• **What is expected**
The answer should consist of the full listing below, repeated exactly and free of pictures.

[Dataset content — start]

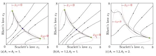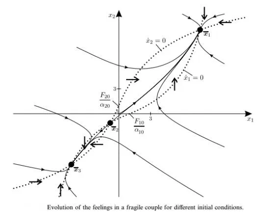 而在不同初始条件下Fragile Couple的情感变化则要复杂许多,在两个平衡点之间存在一个不稳定的鞍点,这类情侣关系相对脆弱,很有可能“因爱生恨”。
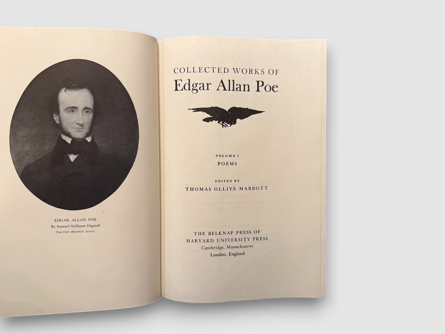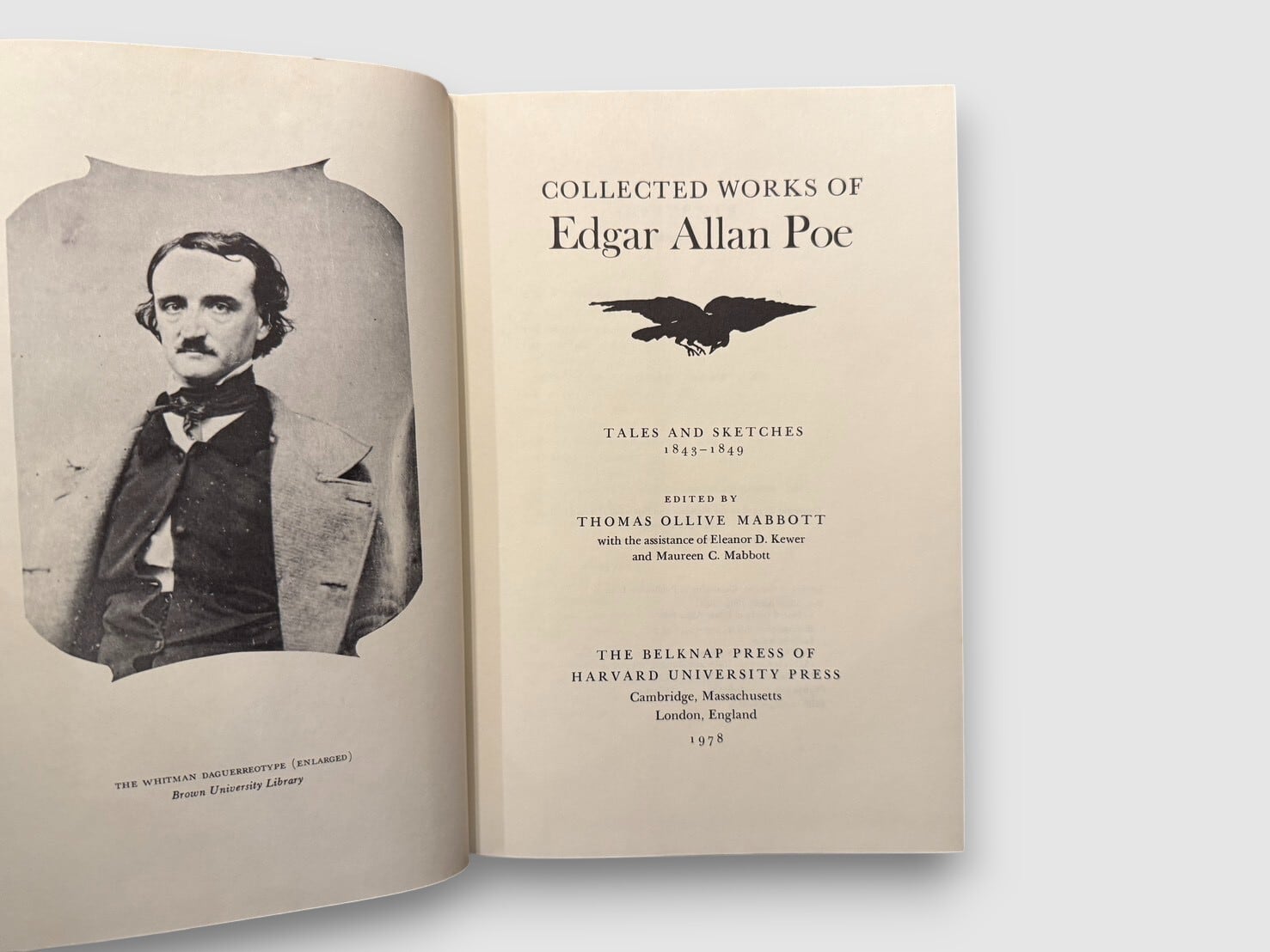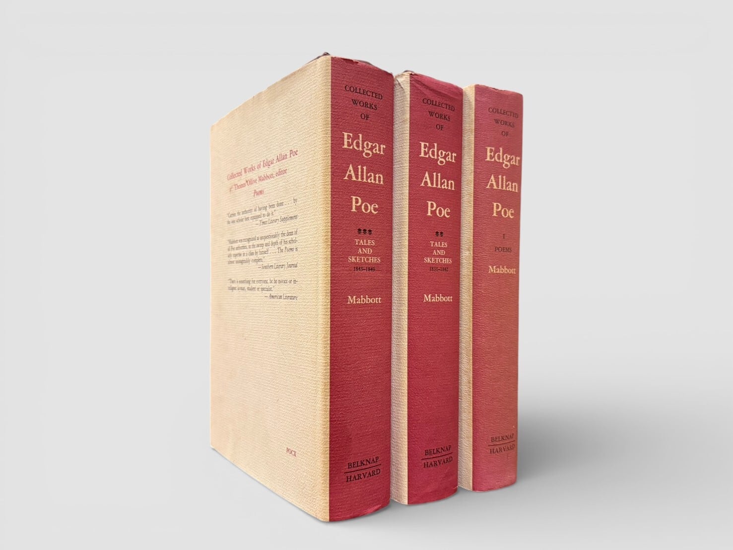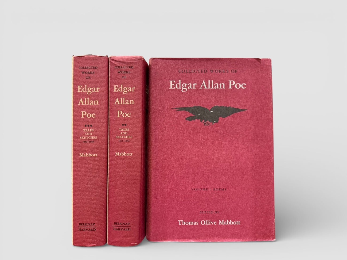 エドガー・アラン・ポーの詩および短編小説を網羅的に収録した、トマス・オリヴ・マボット編集による《Collected Works of Edgar Allan Poe》全3巻揃。第1巻 Poems は1969年に初版刊行され、第2・第3巻 Tales and Sketches は、編集者マボットの没後、その厳密な校訂方針と遺稿に基づいて1978年に初版刊行された。マボットは、ポー作品の原稿・初出誌・異版・生前改訂を徹底的に照合し、作品ごとの成立過程と最終形を確定することに生涯を捧げた研究者である。本全集は、未完の構想を無理に補完することなく、校訂が完了した範囲のみを刊行するという編集理念が貫かれており、その学術的厳密さから、現在に至るまでポー作品研究における決定版(definitive edition)として位置づけられている。研究・翻訳の基準点としてのみならず、ポー文学の全体像を最も信頼できる形で手に取ることのできる、記念碑的な選集。
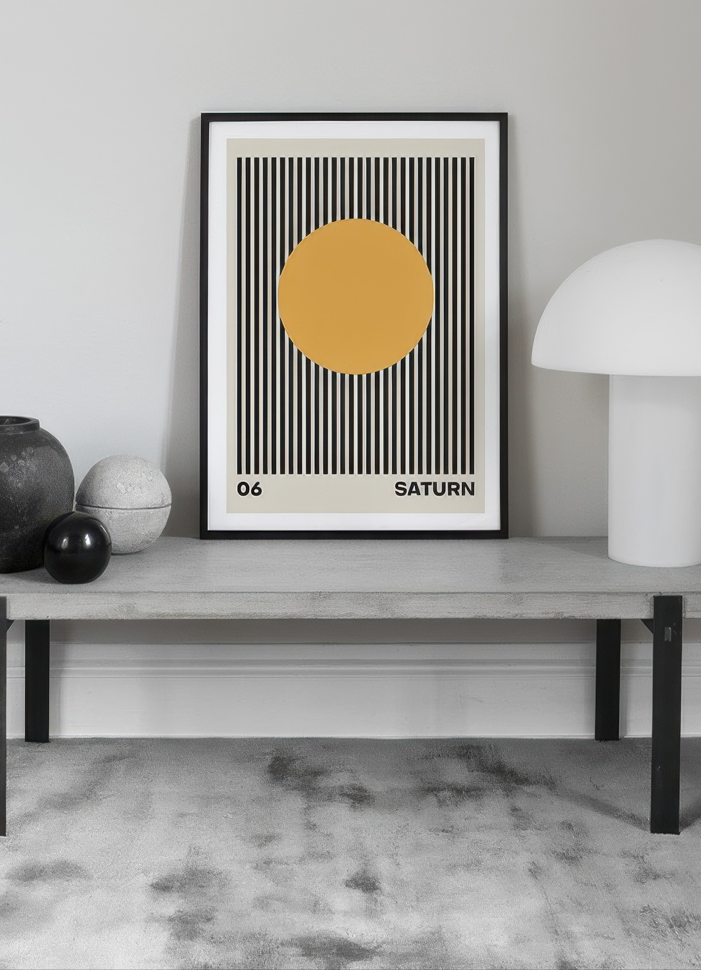 Illustration graphique d’un cercle orange devant des rayures noires sur un fond beige, avec le texte « 06 SATURN » en dessous. Cette illustration moderne et colorée ajoutera un look frais à votre intérieur tout en gardant un style intemporel !
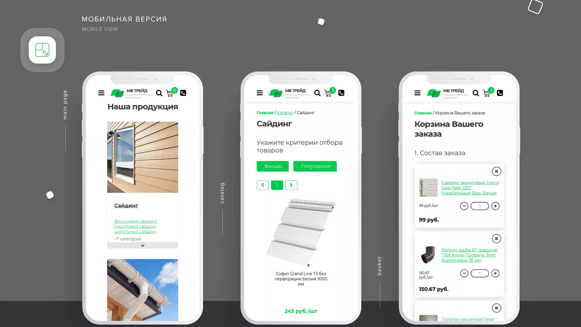 После согласования прототипа мы приступили к прорисовке страниц сайта. Главным трендом сейчас является mobile-first, и адаптация сайта под мобильные устройства влияет на результат поискового продвижения сайтов. Нашей задачей стало — отрисовать не только десктопный дизайн и прототип, но и учесть адаптивность к мобильным и планшетным устройствам. Именно с них сайт получает сейчас более 50% трафика и заказов. В версии для смартфонов и планшетов предусмотрен весь функционал для простого и быстрого поиска, выбора, заказа товаров и оформления покупки онлайн.

[Dataset content — finish]

• **Result for this exercise**
 而在不同初始条件下Fragile Couple的情感变化则要复杂许多,在两个平衡点之间存在一个不稳定的鞍点,这类情侣关系相对脆弱,很有可能“因爱生恨”。
 エドガー・アラン・ポーの詩および短編小説を網羅的に収録した、トマス・オリヴ・マボット編集による《Collected Works of Edgar Allan Poe》全3巻揃。第1巻 Poems は1969年に初版刊行され、第2・第3巻 Tales and Sketches は、編集者マボットの没後、その厳密な校訂方針と遺稿に基づいて1978年に初版刊行された。マボットは、ポー作品の原稿・初出誌・異版・生前改訂を徹底的に照合し、作品ごとの成立過程と最終形を確定することに生涯を捧げた研究者である。本全集は、未完の構想を無理に補完することなく、校訂が完了した範囲のみを刊行するという編集理念が貫かれており、その学術的厳密さから、現在に至るまでポー作品研究における決定版(definitive edition)として位置づけられている。研究・翻訳の基準点としてのみならず、ポー文学の全体像を最も信頼できる形で手に取ることのできる、記念碑的な選集。
 Illustration graphique d’un cercle orange devant des rayures noires sur un fond beige, avec le texte « 06 SATURN » en dessous. Cette illustration moderne et colorée ajoutera un look frais à votre intérieur tout en gardant un style intemporel !
 После согласования прототипа мы приступили к прорисовке страниц сайта. Главным трендом сейчас является mobile-first, и адаптация сайта под мобильные устройства влияет на результат поискового продвижения сайтов. Нашей задачей стало — отрисовать не только десктопный дизайн и прототип, но и учесть адаптивность к мобильным и планшетным устройствам. Именно с них сайт получает сейчас более 50% трафика и заказов. В версии для смартфонов и планшетов предусмотрен весь функционал для простого и быстрого поиска, выбора, заказа товаров и оформления покупки онлайн.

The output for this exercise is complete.